▸ **Records for processing**:
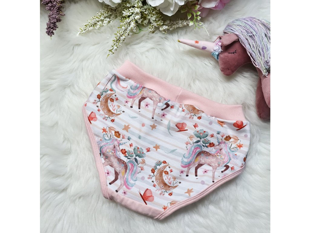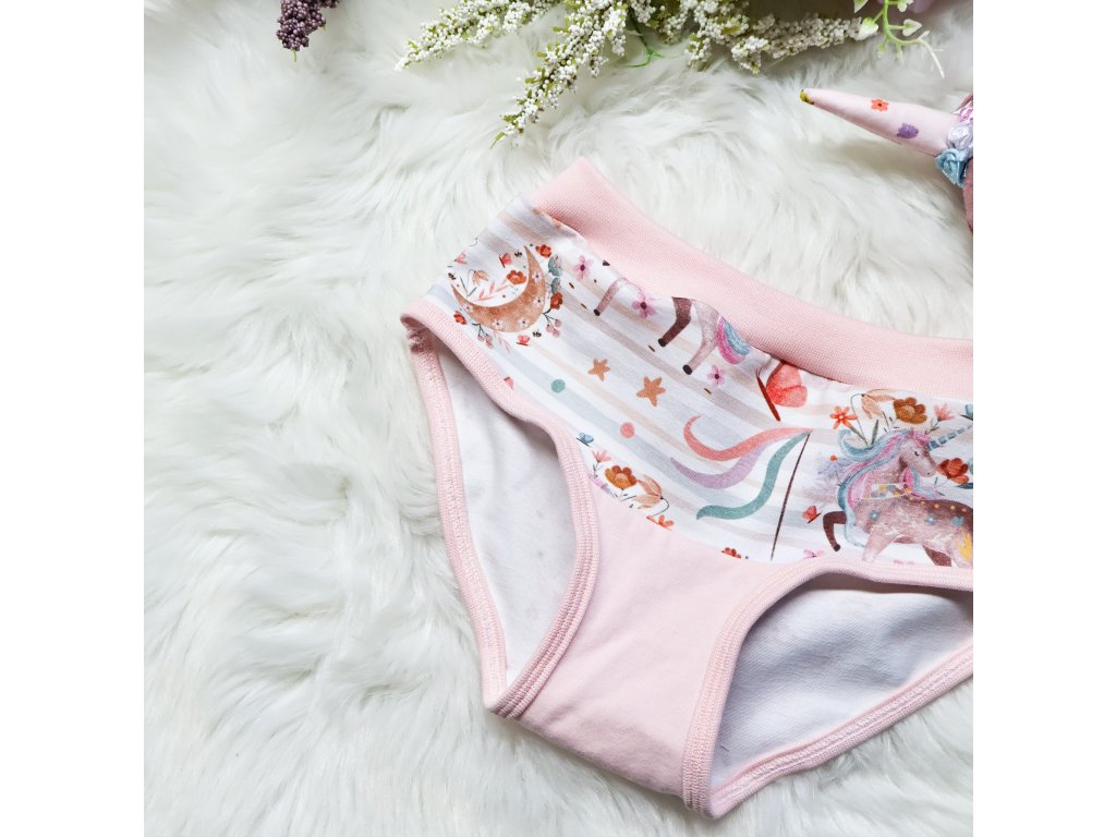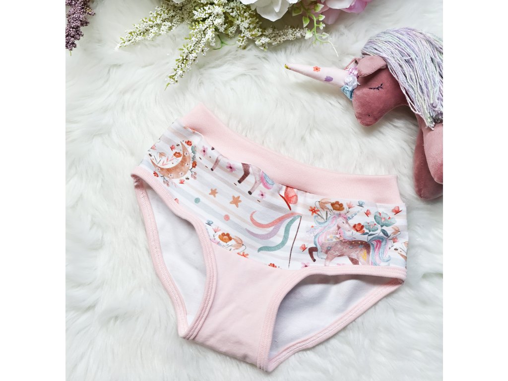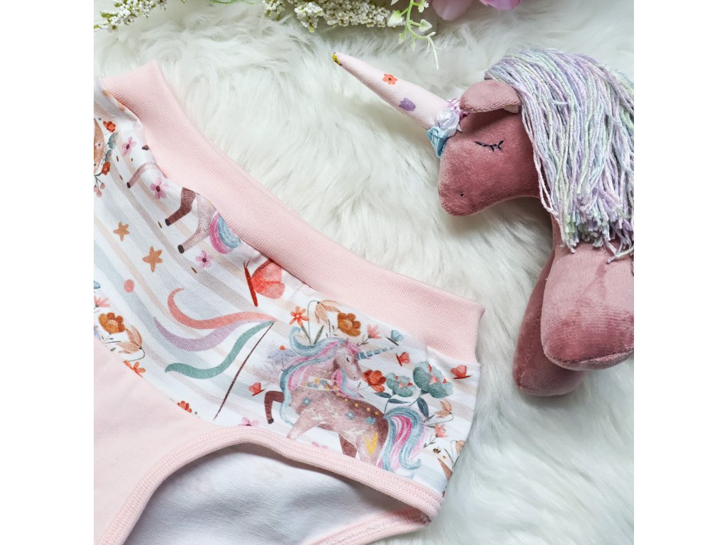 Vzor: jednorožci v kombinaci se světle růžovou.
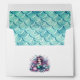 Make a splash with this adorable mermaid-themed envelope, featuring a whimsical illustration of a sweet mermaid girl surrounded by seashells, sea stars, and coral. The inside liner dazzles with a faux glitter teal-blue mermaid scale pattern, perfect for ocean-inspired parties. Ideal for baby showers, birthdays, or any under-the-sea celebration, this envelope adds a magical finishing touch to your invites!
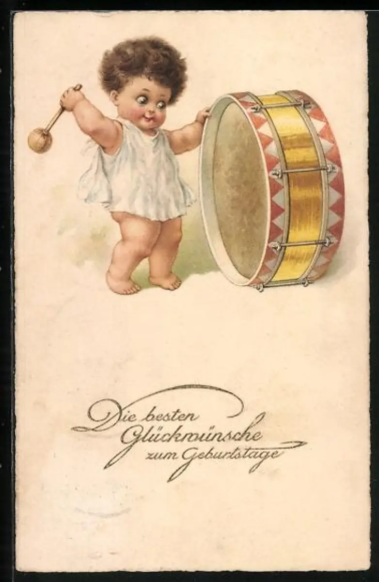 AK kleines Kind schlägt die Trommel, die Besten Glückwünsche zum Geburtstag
---
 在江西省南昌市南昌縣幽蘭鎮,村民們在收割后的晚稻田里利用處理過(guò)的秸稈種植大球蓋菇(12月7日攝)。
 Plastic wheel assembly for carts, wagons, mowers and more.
--
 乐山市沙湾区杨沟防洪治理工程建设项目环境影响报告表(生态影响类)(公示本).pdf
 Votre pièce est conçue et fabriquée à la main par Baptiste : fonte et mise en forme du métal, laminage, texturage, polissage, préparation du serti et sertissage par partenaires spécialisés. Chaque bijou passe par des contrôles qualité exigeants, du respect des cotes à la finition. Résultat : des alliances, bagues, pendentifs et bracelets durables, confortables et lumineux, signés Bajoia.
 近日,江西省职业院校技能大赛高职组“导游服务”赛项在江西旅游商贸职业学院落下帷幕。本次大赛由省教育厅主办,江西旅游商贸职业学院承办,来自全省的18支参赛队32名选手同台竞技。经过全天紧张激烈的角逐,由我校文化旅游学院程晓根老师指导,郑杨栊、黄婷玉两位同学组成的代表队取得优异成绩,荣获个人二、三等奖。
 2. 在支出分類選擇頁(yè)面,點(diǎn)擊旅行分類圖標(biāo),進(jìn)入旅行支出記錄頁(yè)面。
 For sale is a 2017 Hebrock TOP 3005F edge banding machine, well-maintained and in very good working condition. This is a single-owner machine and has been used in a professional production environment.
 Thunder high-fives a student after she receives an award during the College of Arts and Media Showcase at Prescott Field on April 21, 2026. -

▸ **Instructions to follow**: Find the line with "Votre pièce est" in the material above. Reproduce it and each line after it up to and including the line with "For sale is".

▸ **Expected output**:
 Votre pièce est conçue et fabriquée à la main par Baptiste : fonte et mise en forme du métal, laminage, texturage, polissage, préparation du serti et sertissage par partenaires spécialisés. Chaque bijou passe par des contrôles qualité exigeants, du respect des cotes à la finition. Résultat : des alliances, bagues, pendentifs et bracelets durables, confortables et lumineux, signés Bajoia.
 近日,江西省职业院校技能大赛高职组“导游服务”赛项在江西旅游商贸职业学院落下帷幕。本次大赛由省教育厅主办,江西旅游商贸职业学院承办,来自全省的18支参赛队32名选手同台竞技。经过全天紧张激烈的角逐,由我校文化旅游学院程晓根老师指导,郑杨栊、黄婷玉两位同学组成的代表队取得优异成绩,荣获个人二、三等奖。
 2. 在支出分類選擇頁(yè)面,點(diǎn)擊旅行分類圖標(biāo),進(jìn)入旅行支出記錄頁(yè)面。
 For sale is a 2017 Hebrock TOP 3005F edge banding machine, well-maintained and in very good working condition. This is a single-owner machine and has been used in a professional production environment.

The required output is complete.